Preventing Wasps in Beehive
by Jan Ray
I had a new colony of bees, went away for 5 days, came home to no bees and a wasp nest inside. What is a good way to prevent wasps from going in my hive?
Sorry you lost your bees. I hope you'll be able to replace them.
Unfortunately, I don't know of any way to prevent wasps from entering a hive. There's nothing you can do (so far as I know) to keep out wasps or to kill them that wouldn't also effect the bees.
My guess, though, is that the wasp nest you found in the hive had nothing to do with the demise of the hive. The wasps probably just took advantage of an ideal location for a nest after the bees were gone.

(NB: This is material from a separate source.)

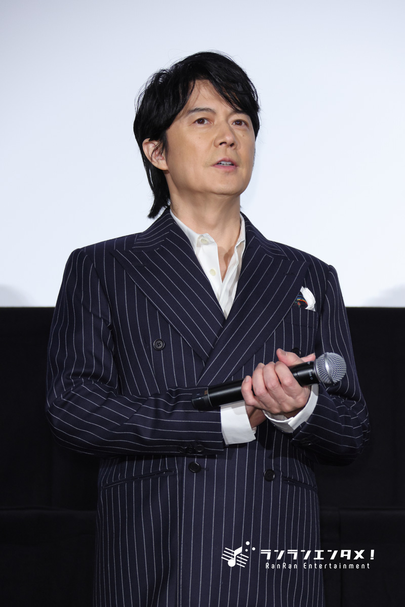冒頭、福山は「いや、今日は本当に雨が降って寒い。誰のせいなんでしょうか」と大泉の雨男ぶりにボヤキを入れ「寒い中でもお集まりいただけて、この映画ご覧になっていただけて、そしてクリスマスイブ、メリークリスマス!」と笑顔で呼びかけた。

I've found wasp nests in abandoned/dead hives on several occasions. But I've never seen, or heard of, wasps building a nest inside an active honey bee colony.
Some wasp species are predators of honey bees. And some wasp species will sneak into hives to rob a bit of honey. But wasps don't generally do any great amount of harm to a bee colony - certainly not enough to do it in. That's my experience, anyway.
I've also checked my bee books, and don't find any mention of wasps being serious honey bee pests. If someone knows otherwise, or knows of a way to keep wasps from entering a hive, perhaps they'll use the comment form to let us know about it.
(As an aside, I did find an interesting reference to the defensive behavior bees sometimes use against individual wasps attempting to enter the hive. A number of bees will form a tight cluster around the wasp, preventing it from entering or leaving. They hold the wasp in the cluster until the temperature in the center of the cluster raises high enough to kill the wasp. The bees are able to survive the high temperature.)